Both the Court of Appeal and the Court of Cassation upheld this decision (that of the prosecutor) and in substance did not disagree with it. Moreover both courts found it to be established that the applicant’s claim that he had acted in self-defence was unfounded. It should be mentioned that the proceedings before the courts did not determine the question of the applicant’s criminal responsibility but the question whether it was necessary to terminate the case on the ground provided by the prosecutor. Thus it cannot be said that these proceedings resulted or were intended to result in the applicant being proved guilty according to law.

Of course, the Public Prosecutor’s unfortunate wording to justify his action cannot be condoned but still it is doubtful whether these words had any direct bearing on the trial which, in fact, never took place. Once again what the public official did was reprehensible and is to be otherwise condemned but it did not quite qualify as a violation of the presumption of innocence.

Considering what the Strasbourg Court has once again reiterated on this wrong principle of the liability of public officials to breach the presumption of innocence, I am quite sceptical on there being a courageous turn around in the future and succeeding in dismantling this dangerous principle.

References:
1 I never use the term ‘case law’ except when dealing with English Courts judgments. These are bound by the doctrine of Precedence.
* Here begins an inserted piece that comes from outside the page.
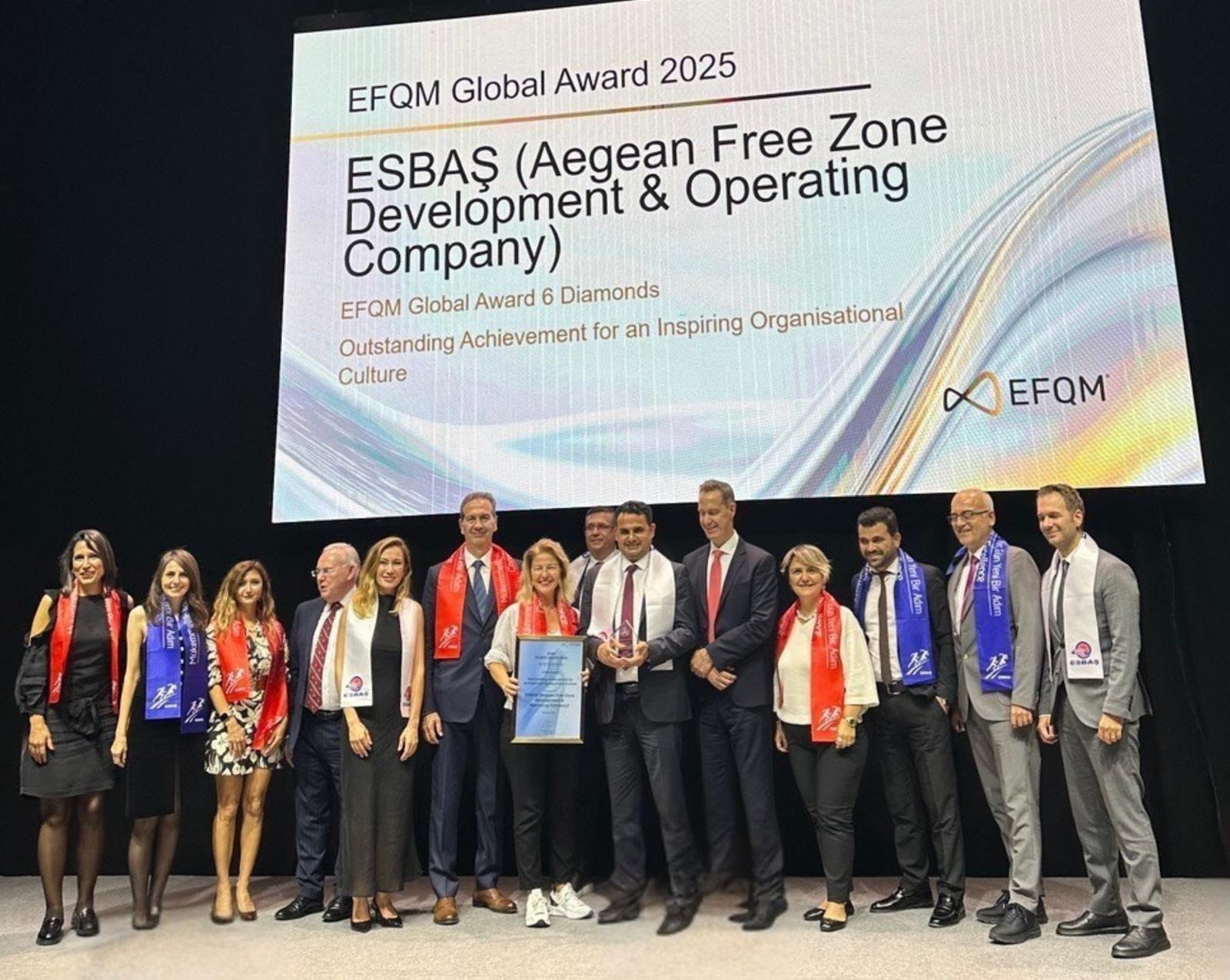 Ege Serbest Bölgesi’nin yönetimini yürüten ESBAŞ, 2012’de başlattığı mükemmellik modeli çalışmalarıyla EFQM Küresel Ödülleri’nde 6 Diamonds seviyesinde tanınma elde etti. Değerlendirme; stratejiden operasyonel mükemmelliğe, çalışan bağlılığından müşteri odaklılığa uzanan geniş bir alanda yürütüldü.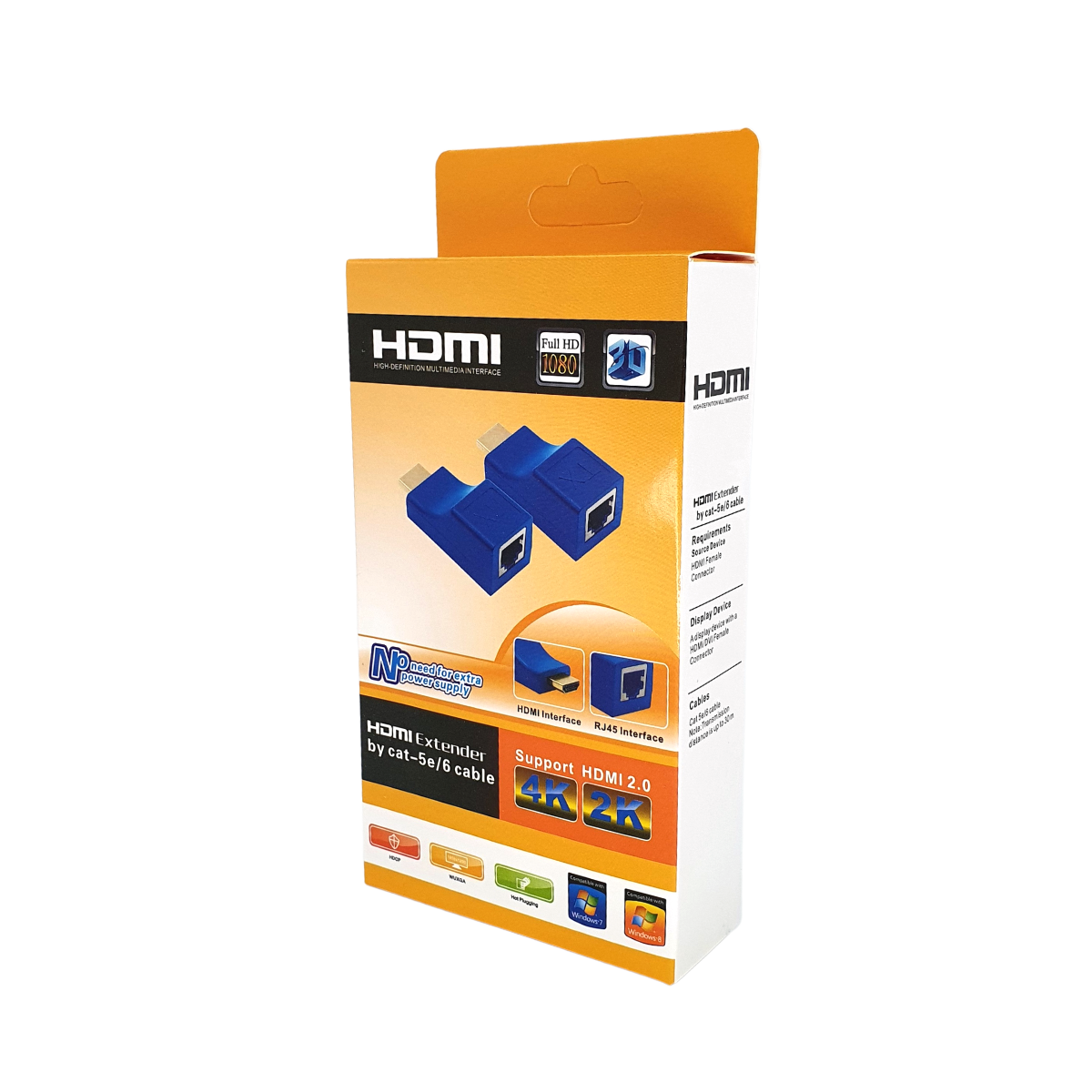 Extender HDMI con cable de red CAT-5E o CAT-6 que permite transportar una señal HDMI hasta un máximo de 30 metros conservando una calidad de hasta 1080p.

This is not so in other European Jurisdictions where that term is used, which I consider to be misleading.
2 Giuseppe Mifsud Bonnici, ‘The Presumption of Innocence’ [1997] 1 Mediterranean Journal of Human Rights 121. 
3 Adolf v Austria App No 8269/78 (ECHR, 26 March 1982)
4 Minelli v Switzerland App No 8660/79 (ECHR, 25 March 1983) 
5 Lutz v Germany App No 9912/82 (ECHR, 25 August 1987) 
6 Sekanina v Austria App No 13126/87 (ECHR. 25 August 1993)
7 European Convention on Human Rights 1950 art 6 (1) 
8 Allenet de Ribemont v France App No 15175/89 (ECHR, 10 February 1995).
9 Daktaras v Lithuania App No 42095/98 (ECHR, 10 October 2000), para 42
10 Butkevicius v Lithuania App No 48297/99 (ECHR, 26 March 2002)
11 Arrigo and Vella v Malta App No 6569/04 (ECHR, 10 May 2005)
12 Strangely enough the seven judges chamber which considered the application did not have as one of its members the Maltese Judge, apparently not in conformity with Rule 26 (1)(a) of The Rules of Court.
13 Para 3 of the Chamber’s judgement.
14 Virabyan v Armenia App No 40094/05 (ECHR, 2 October 2012).